Monday, May 20, 2013

Books I Haven’t Finished Reading

The book report is a staple of the education system, despite the fact that there’s little you can add in your report that hasn’t been said before, and your mistrusting teacher will fact-check to see if you copied and part of your report in part or in whole. If you’re like me, you didn’t even bother reading some of the books you were assigned, or gave up halfway. It’s a habit I carried through Elementary school to 400 level university courses. Even today, I’ll start reading, then decide the book isn’t worth my time and toss it in a pile.

With my tablet and Google Books, I can increase that habit a thousand-fold. I’ve been meaning to read quite a few copies of classic novels I downloaded, but I haven’t had much luck. The most recent casualty is a book titled, “Ghost Stories,” written by a man with the unlikely old-timey name of Felix Octavius Carr Darley.

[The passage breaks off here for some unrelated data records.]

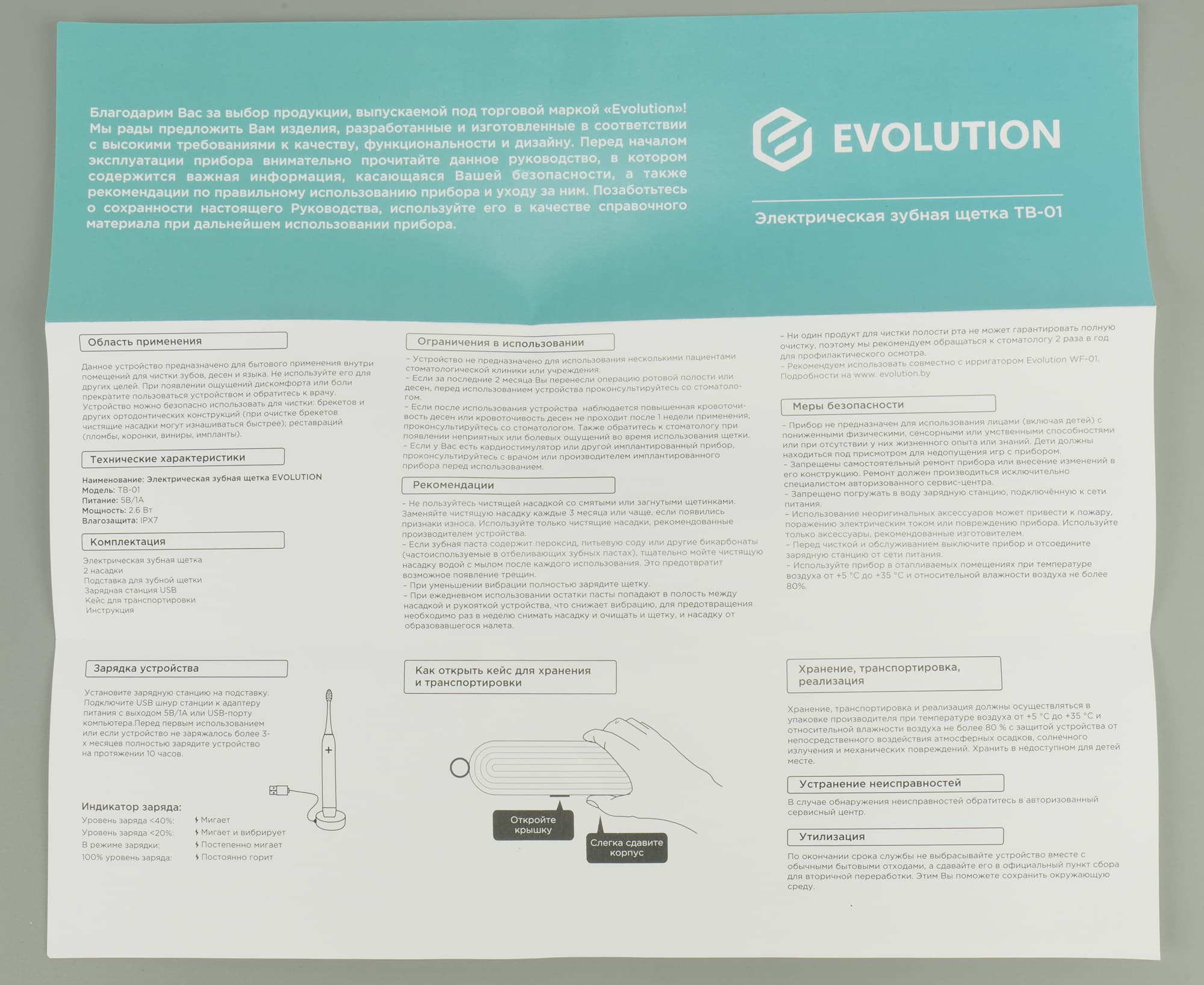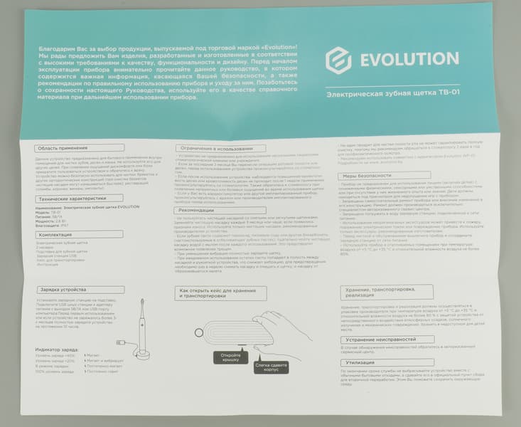 Фактически, это буклет из одного листа плотной матовой глянцевой бумаги формата А4, сложенной под ширину упаковки в три раз. Выполнена она в двух цветах: белом и бирюзовом, и содержит всю необходимую пользователю информацию: область применения прибора, ограничения, технические характеристики, описание работы зарядки со схемой, рекомендации, правила как открывать и хранить футляр, меры безопасности, описания режимов и способов очистки, а также адреса сервисных центров, условия гарантии и отметка о самой гарантии. Хранить инструкцию можно непосредственно в коробке или вместе с другими бумагами.
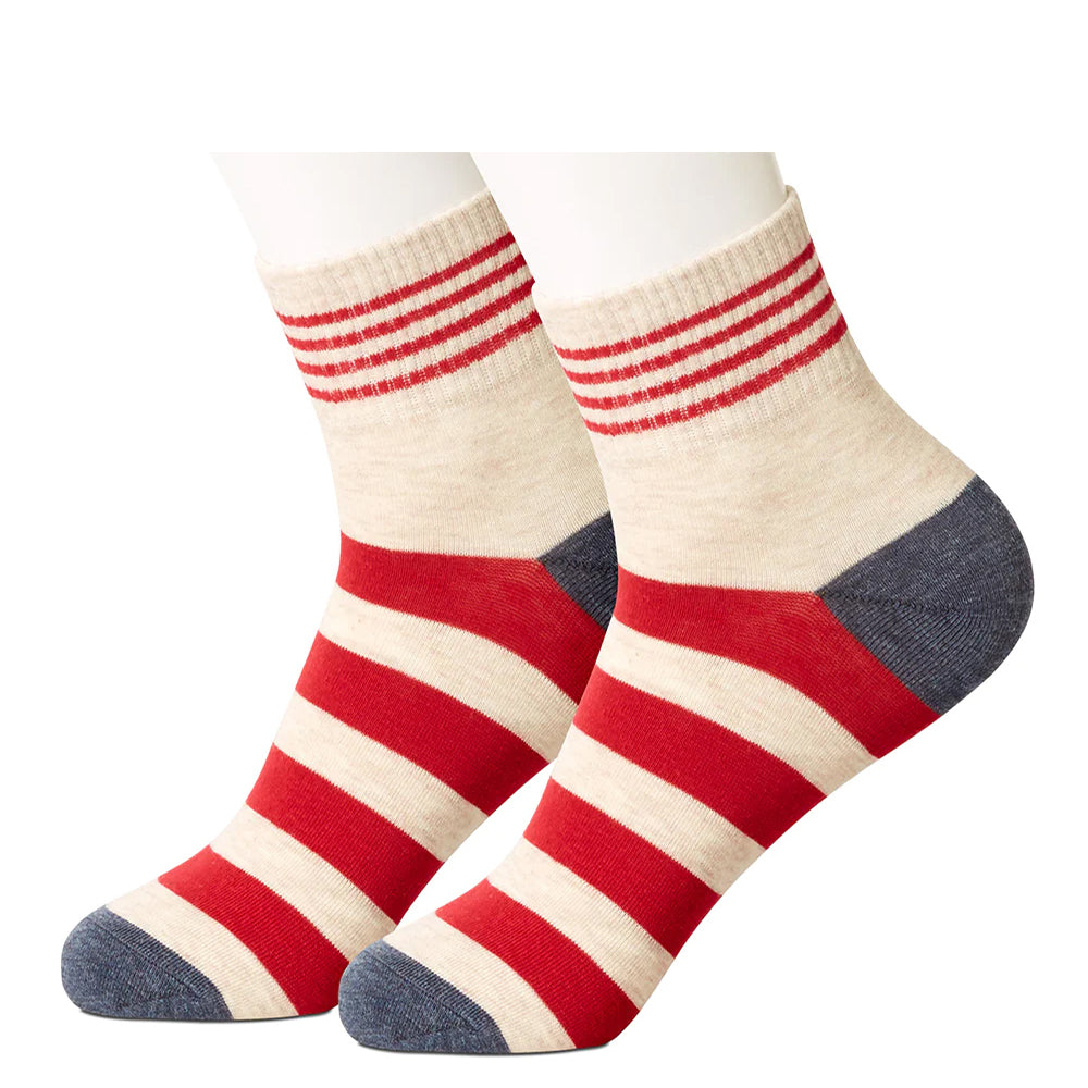 Red and heathery tan stripes of various widths encircle these short crew (or are they tall ankle?) socks with charcoal grey toes and heels.
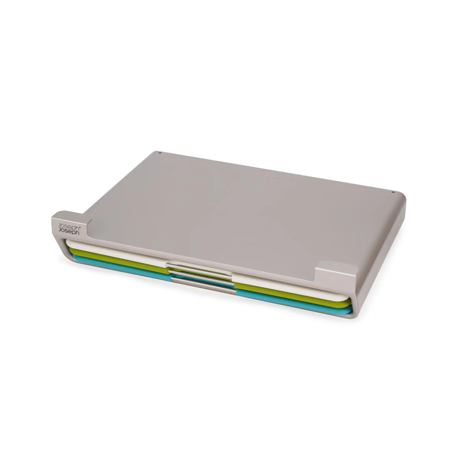 Joseph Joseph presents their Editions Folio Slim Large Chopping Board Set with multi-coloured boards. Featuring three double-sided colour-coded chopping boards, an ideal worktop addition to prevent cross-contamination when preparing different ingredients in the kitchen. With a slimline design for convenient storage and a tiered design for easy selection with each board having stainless steel handles. Each board is designed with safety and convenience in mind, such as a textured surface on each side that is knife-friendly and has non-slip feet which allow for secure use whilst chopping and mincing ingredients.Â
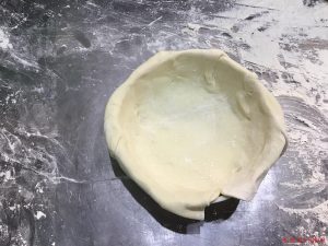 麺棒で伸ばしグラタン皿に貼り付け、ベーコンと玉ねぎを炒め、かぼちゃをピューレ状にしたものと生クリームや卵と合わせアパレイユを作り、先ほどの皿に流し入れ、オーブンで焼き上げました。
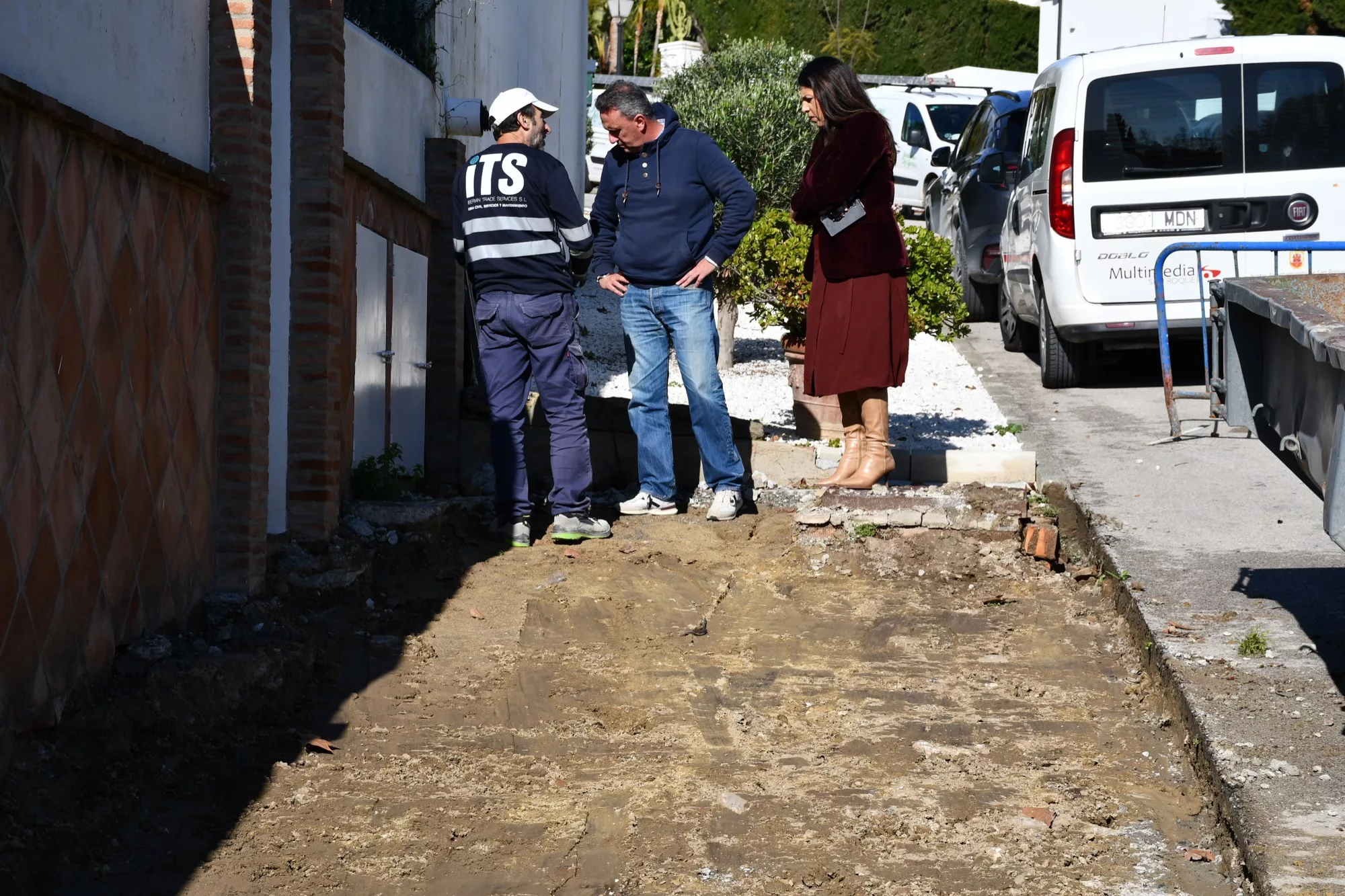La teniente alcalde de Obras y Servicios, Belén Jiménez, ha realizado una visita a los trabajos de acerado que se están llevando a cabo en la calle Altamira de Pueblo Nuevo.

It’s essentially a book of ghost stories that aren’t ghost stories. Hence: false advertisement. It’s a 200+ page short story collection trying to debunk belief in ghosts by telling 2+ page stories about haunted houses where the real culprit is really the family dog, or a drunken brother. It’s like Scooby-Doo without all the Scooby Snacks and rubber masks. Basically they’re scary stories that aren’t scary and there’s a narrative at the end of each story explaining how it was never a ghost, but an equally unlikely situation that was responsible for each haunting. CASE CLOSED! Really, the book is an asshole. I don’t know if books themselves can be assholes, or it’s the author, but this book is an asshole. It reminds me of those books I read as a kid like Encyclopaedia Brown that were full of two-page mysteries you were supposed to solve yourself before reading the solution, which made less sense than what you’d been thinking of. Also, since the stories are all made up, it’s not like it’s using any factual evidence to debunk myths, like Mythbusters does. The author could have taken the time to research real incidents, since he’s claiming that the belief in ghosts and stories about them are commonplace. That doesn’t happen. The whole time you’re reading this book you’re thinking, “You know what would have been better than there not being a ghost? If there’d been a ghost. That would be interesting.” If you took this book, edited out the last few paragraphs about how stupid everyone in the story was for thinking there was a ghost, and have them be violently ripped to shreds by hands from Hell, then you’d have a book.

Ironically, having died in 1888, the author is now a ghost.